Par Elsa Gambin et Nicolas Mayart

Retrouvez les contenus de ces auteurs : page de Elsa Gambin et page de Nicolas Mayart.

Protocole de rentrée tardif et à peine remanié, manque de considération des enseignants vulnérables, photos du ministre en vacances sur la plage, tribune de médecins insatisfaits, syndicats sur le pont… Pour cette rentrée inédite et à risque, les quelques 900 000 enseignants du pays sont tiraillés entre inquiétude sanitaire et joie de retrouver leurs élèves. Mais beaucoup dénoncent un problème majeur de communication gouvernementale.

Un silence assourdissant, tout l’été. Voilà ce que retiennent les enseignants de leur ministre, Jean-Michel Blanquer. Et puis, une petite semaine avant la rentrée, une curieuse omniprésence médiatique avec la proposition d’un « grenelle des professeurs » pour revaloriser le métier, doublée d’un déballage d’auto-conviction à grands renforts de « nous sommes prêts, nous saurons gérer ». 

« C’est faux, assure Alexis*, professeur d’anglais dans un lycée en Nouvelle-Aquitaine. Cette rentrée n’est pas sereine. Je n’ai plus aucune confiance en la parole de notre ministre, qui a déjà été contredit au printemps par le président et le 1er ministre à moins de 12h d’intervalle ». Pourtant, lui s’estime chanceux, accompagné au quotidien par une équipe de direction solide qui a su gérer avec intelligence le post-confinement. « Nous avons été privés du sens de l’enseignement avec la distance. Alors je m’imaginais naïvement que pendant les deux mois d’été le ministère pouvait penser des protocoles solides. Au lieu de ça, on l’a vu faire du beach-volley. C’est assez perturbant au final ».  

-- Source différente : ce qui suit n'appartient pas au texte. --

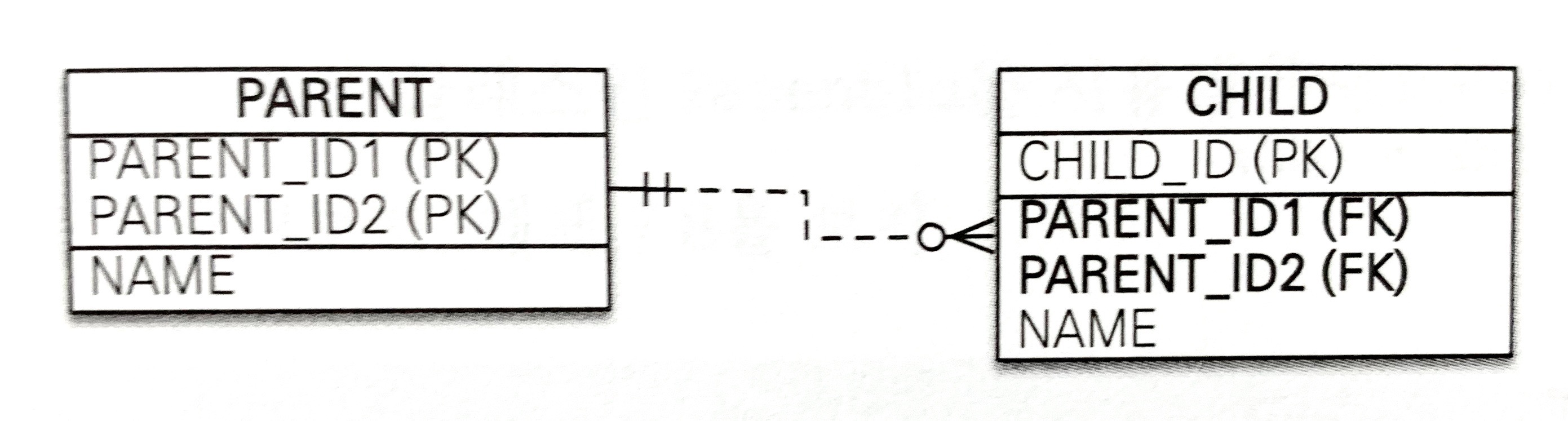 PARENT 테이블의 기본 키 PARENT_ID를 받아서 CHILD 테이블의 기본 키(CHILD_ID) + 외래 키(PARENT_ID)로 사용한다.

Jean*, instituteur d’une classe de CP en Seine-Saint-Denis, lui emboîte le pas : « Le ministre poste des vidéos d’annonce sur Youtube mais nous, sur le terrain, on reçoit les protocoles tard en soirée, 3 jours à peine avant la rentrée. Clairement, le gouvernement nous méprise : leur manque d’anticipation est enrobé dans une communication bancale, c’est inhérent au système Blanquer-Macron ». Un avis partagé par Josselin. Ce professeur des écoles en Bretagne, en cycle 3 [CM1 et CM2, NDLR], se dit agacé par ces informations qui arrivent d’abord par l’intermédiaire des médias. « C’est une méthode de gestion commencée sous Sarkozy. Le ministre déclare dans les médias, et on doit faire. Mais faire quoi ? Les parents, les profs, tout le monde est au courant en même temps ». Auparavant, une note du ministère arrivait par voie hiérarchique. À présent, chaque bout de discours de Jean-Michel Blanquer déclenche une vague de coups de fil ou de mails, pour des questions auxquelles personne ne peut répondre, les protocoles étant diffusés après l’intervention télévisée. Celui qui concerne la reprise de septembre 2020 s’est vu étoffé de quelques recommandations…vendredi dernier, à 21 heures. Soit trois jours avant la rentrée. 

Syndicalistes et médecins inquiets

Le SNES-FSU, syndicat le plus important du second degré, ne s’étonne même plus de voir le ministère repartir dans les mêmes travers. « Nous avons fait une demande d’un protocole sanitaire national plus strict dès la mi-août, se souvient Sophie Vénétitay, secrétaire générale adjointe du SNES-FSU. Nous le trouvions alors léger et incomplet pour la rentrée ». La lettre restera sans réponse, « malgré des indicateurs qui repassaient à l'orange dans certains endroits ».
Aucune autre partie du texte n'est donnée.